Go Above And Beyond For Your Partners – If your partners know that you are very fair with them – and more than fair – they’re going to respect you, and they’re going to be giving more to you than you’re giving to them. My partners know that sometimes when a month is not doing very well, that I sacrifice some of my percentage for that month. And they know that I don’t have to, because there’s lots of fat months to cover it, but at the end of the day I’m making very good money, and it’s not about the extra $5,000 or $10,000. It’s about everybody making good money around me. And that makes your partners very, very loyal to you.
Want To Grow? Learn To Let Go – It’s made me change as a person. In the old days, I needed to control everything. Everything had to be in front of my plate. Everything I had to put my finger on. And then I realized, “O.k., that’s great, but I can only do three or four restaurants. I can’t do more. Physically I can’t be in but so many locations at the same time.” So it taught me how to be a lot more open in terms of giving. I give my partners lots of leeway to run things.

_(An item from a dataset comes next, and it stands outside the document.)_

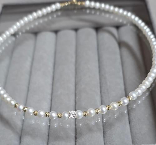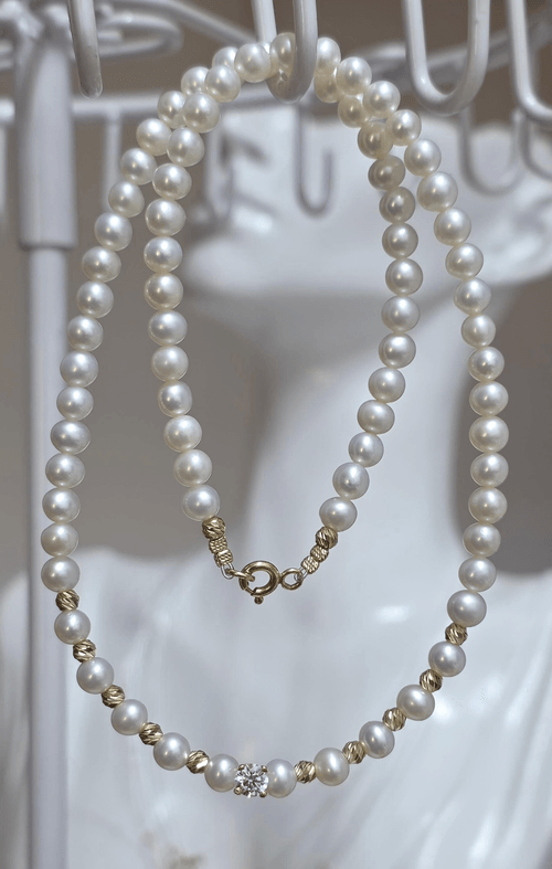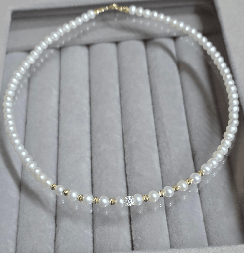 Acest Colier este realizat din perle naturale de cultura de 4mm, calitate superioara și elemente din aur 585 insirate pe un fir transparent și durabil, oferind confort și flexibilitate pentru purtarea zilnică.

And when they call me sometime and ask for my opinion, I say, “This is your department. I trust you.” By letting go like this, it gives me more time to grow as a person. And if I’m growing as a person, everybody around me is going to grow with me.
Check Your Ego At The Door – I always say, “Let’s take the egos out of it. It’s a business. At the end of the day, it a business.” When I interview people, I tell them, “Let’s say I was going to build you a restaurant. It’s going to be forty seats. And you are going to be cooking for superstars, princesses, and kings. And your name is going to be one of the best chefs in the city. With forty seats, you’ll be working six, seven days a week because you’ll be the only one that can do it. Or, we could open a fish and chips stand, and the line will be around the block seven days a week, and you won’t have to be there much. Which restaurant are you going to own?” And it’s funny how the people who pick the first one…we don’t hire them. They took the business sense out of it. We’re in the business to make money. It’s not about egos. There are restaurants that get “Best Restaurant of the Year” in their city, and they end up closing. And the only reason…the only reason this is happening is because the chef and the owner took out of it, the business sense. They only did it to get the award. They wanted to be named the best restaurant in the city. Or the top chef in the city. Not the busiest restaurant in the city. And if they took their ego out…At the end of the day, it has to be a business decision. Decisions need to be made with emotions taken out of them. We do things based on what the customer wants to eat, not what our egos tell us to do.